-- ASSIGNMENT --
Word for word, set down every line of the entries below from the line with "活动中,志愿者们分工协作、齐" to the line with "Koordinacija štovatelja Božjega", including both, and no other line.

-- SOURCE MATERIAL --
_ _ _ _ _
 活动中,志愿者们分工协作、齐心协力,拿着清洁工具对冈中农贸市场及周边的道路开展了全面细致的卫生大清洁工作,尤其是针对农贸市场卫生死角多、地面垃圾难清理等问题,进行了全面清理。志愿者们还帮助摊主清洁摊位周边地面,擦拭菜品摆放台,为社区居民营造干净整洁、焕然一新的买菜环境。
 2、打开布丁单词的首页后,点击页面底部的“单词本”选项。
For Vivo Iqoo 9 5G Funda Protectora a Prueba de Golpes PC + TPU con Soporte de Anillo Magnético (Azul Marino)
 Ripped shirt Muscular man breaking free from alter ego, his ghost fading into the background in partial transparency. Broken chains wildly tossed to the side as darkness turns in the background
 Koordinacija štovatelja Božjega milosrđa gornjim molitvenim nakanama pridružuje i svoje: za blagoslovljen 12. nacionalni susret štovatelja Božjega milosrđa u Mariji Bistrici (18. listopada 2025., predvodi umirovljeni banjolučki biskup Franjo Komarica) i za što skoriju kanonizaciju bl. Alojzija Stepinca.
_ _ _ _ _
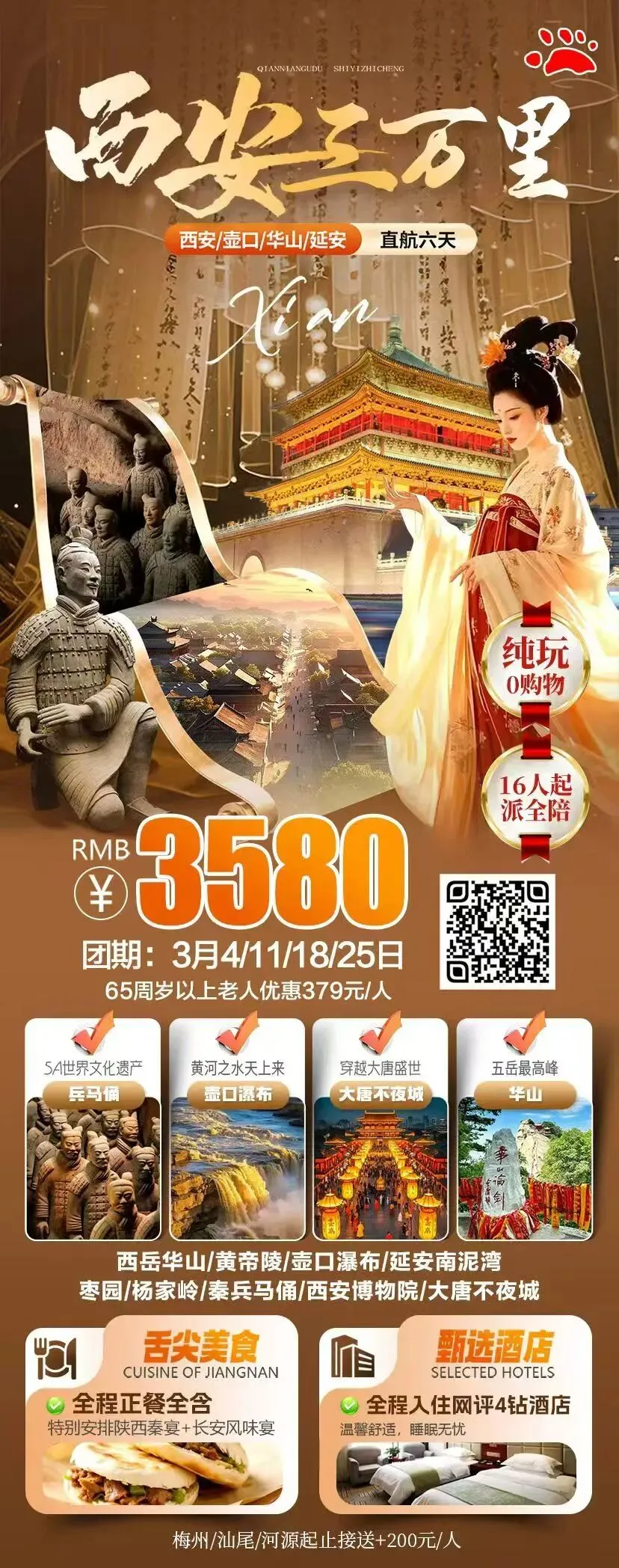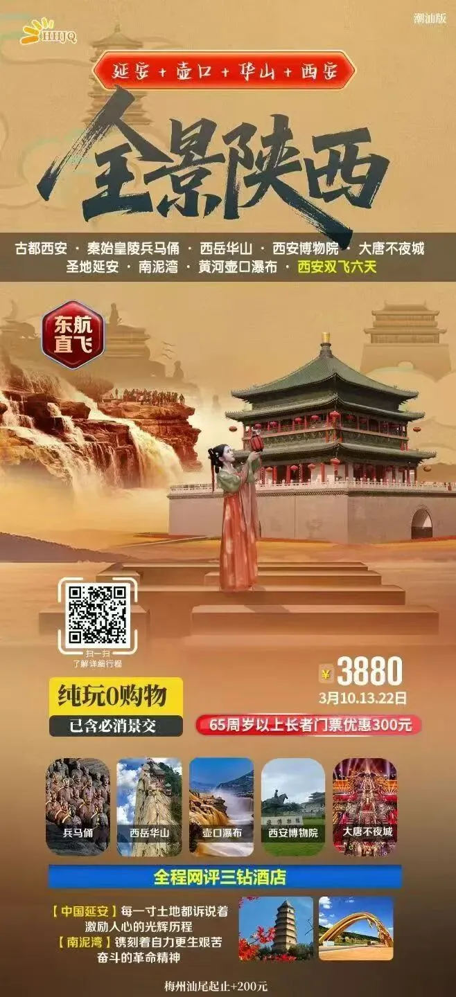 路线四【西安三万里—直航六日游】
_ _ _ _ _
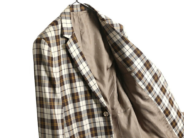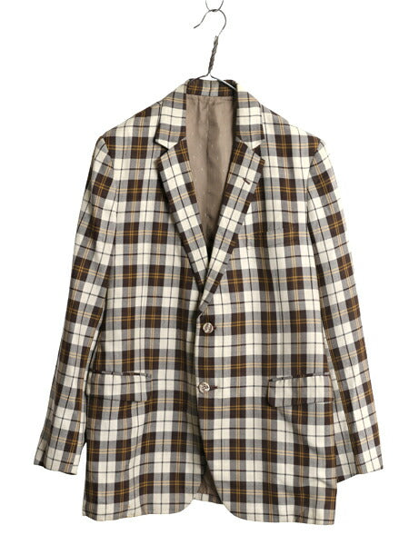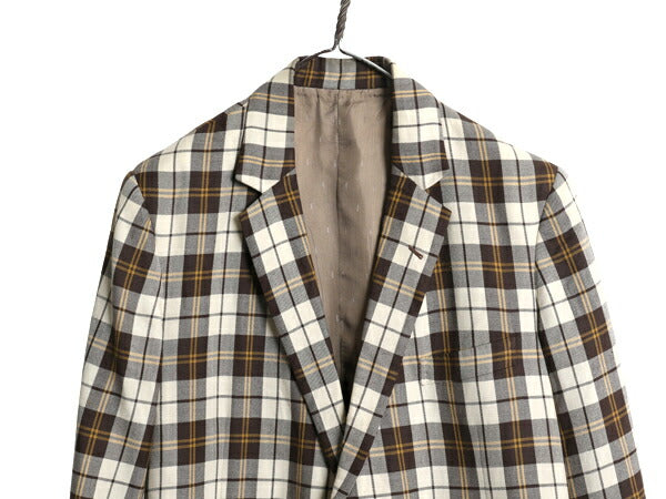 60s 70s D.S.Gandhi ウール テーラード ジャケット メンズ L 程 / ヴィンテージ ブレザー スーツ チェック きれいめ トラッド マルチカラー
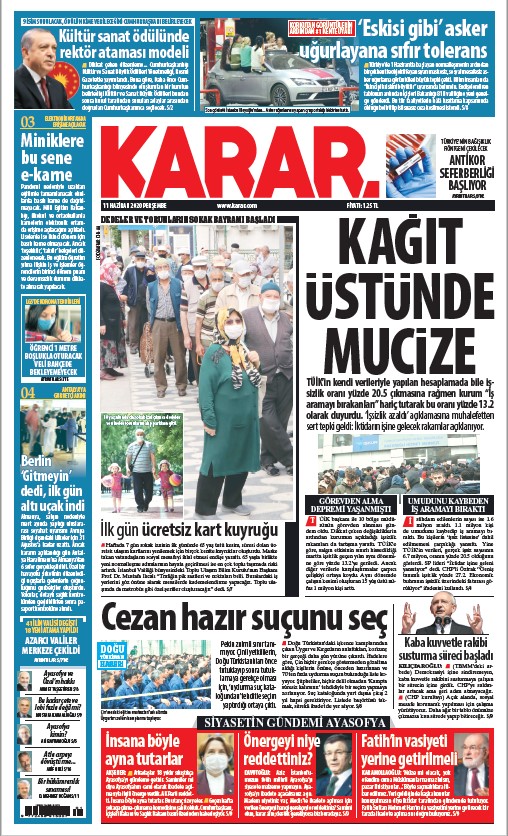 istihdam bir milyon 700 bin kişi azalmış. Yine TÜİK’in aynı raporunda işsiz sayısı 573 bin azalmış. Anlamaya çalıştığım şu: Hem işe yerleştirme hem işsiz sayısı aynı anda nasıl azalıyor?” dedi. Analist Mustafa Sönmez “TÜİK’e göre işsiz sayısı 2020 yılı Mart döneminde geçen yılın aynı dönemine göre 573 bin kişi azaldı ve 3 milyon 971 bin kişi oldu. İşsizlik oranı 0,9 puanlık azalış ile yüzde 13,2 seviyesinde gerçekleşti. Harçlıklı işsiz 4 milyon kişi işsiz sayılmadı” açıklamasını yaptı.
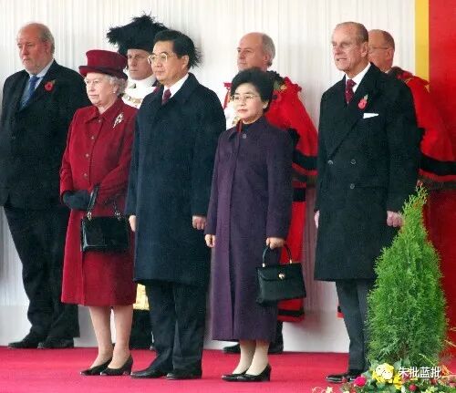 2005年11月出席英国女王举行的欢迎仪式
_ _ _ _ _
-- OUTPUT FOR THIS TASK --
 活动中,志愿者们分工协作、齐心协力,拿着清洁工具对冈中农贸市场及周边的道路开展了全面细致的卫生大清洁工作,尤其是针对农贸市场卫生死角多、地面垃圾难清理等问题,进行了全面清理。志愿者们还帮助摊主清洁摊位周边地面,擦拭菜品摆放台,为社区居民营造干净整洁、焕然一新的买菜环境。
 2、打开布丁单词的首页后,点击页面底部的“单词本”选项。
For Vivo Iqoo 9 5G Funda Protectora a Prueba de Golpes PC + TPU con Soporte de Anillo Magnético (Azul Marino)
 Ripped shirt Muscular man breaking free from alter ego, his ghost fading into the background in partial transparency. Broken chains wildly tossed to the side as darkness turns in the background
 Koordinacija štovatelja Božjega milosrđa gornjim molitvenim nakanama pridružuje i svoje: za blagoslovljen 12. nacionalni susret štovatelja Božjega milosrđa u Mariji Bistrici (18. listopada 2025., predvodi umirovljeni banjolučki biskup Franjo Komarica) i za što skoriju kanonizaciju bl. Alojzija Stepinca.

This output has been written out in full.